◆ Records for the exercise ◆
-.-.-

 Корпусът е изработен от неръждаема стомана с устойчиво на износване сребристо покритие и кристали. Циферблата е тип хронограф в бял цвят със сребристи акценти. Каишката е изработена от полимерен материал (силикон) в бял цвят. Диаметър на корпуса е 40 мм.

-.-.-

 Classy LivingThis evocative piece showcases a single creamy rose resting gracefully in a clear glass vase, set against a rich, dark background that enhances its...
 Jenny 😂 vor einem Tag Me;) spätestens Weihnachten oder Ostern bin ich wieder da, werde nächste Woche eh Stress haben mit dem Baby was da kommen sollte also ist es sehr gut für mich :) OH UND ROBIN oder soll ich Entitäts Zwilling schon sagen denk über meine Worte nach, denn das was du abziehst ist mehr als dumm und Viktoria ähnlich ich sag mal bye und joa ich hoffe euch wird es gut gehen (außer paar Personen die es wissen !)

-.-.-

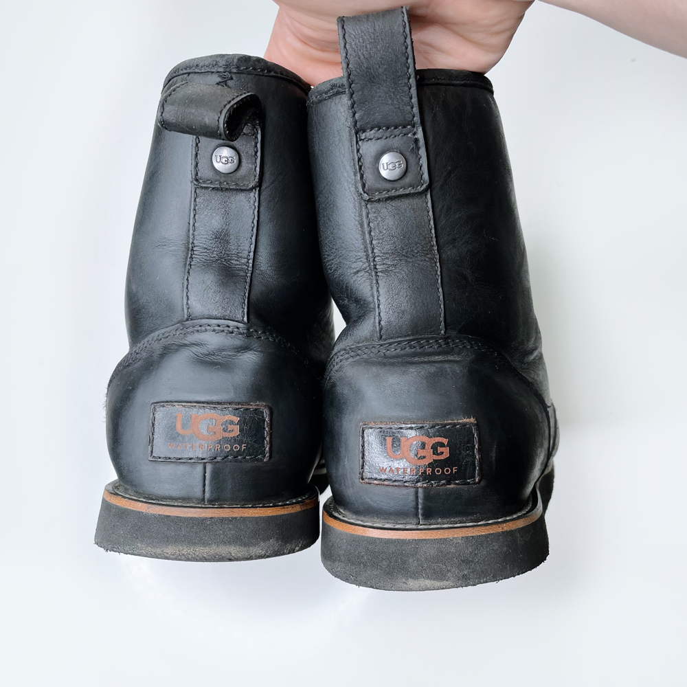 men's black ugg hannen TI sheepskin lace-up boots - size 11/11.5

-.-.-

◆ Work request ◆
Beginning with the line that has "Classy LivingThis evocative" and ending with the line that has "Jenny 😂 vor", set down the lines above exactly and include no others.

◆ Solution below ◆
 Classy LivingThis evocative piece showcases a single creamy rose resting gracefully in a clear glass vase, set against a rich, dark background that enhances its...
 Jenny 😂 vor einem Tag Me;) spätestens Weihnachten oder Ostern bin ich wieder da, werde nächste Woche eh Stress haben mit dem Baby was da kommen sollte also ist es sehr gut für mich :) OH UND ROBIN oder soll ich Entitäts Zwilling schon sagen denk über meine Worte nach, denn das was du abziehst ist mehr als dumm und Viktoria ähnlich ich sag mal bye und joa ich hoffe euch wird es gut gehen (außer paar Personen die es wissen !)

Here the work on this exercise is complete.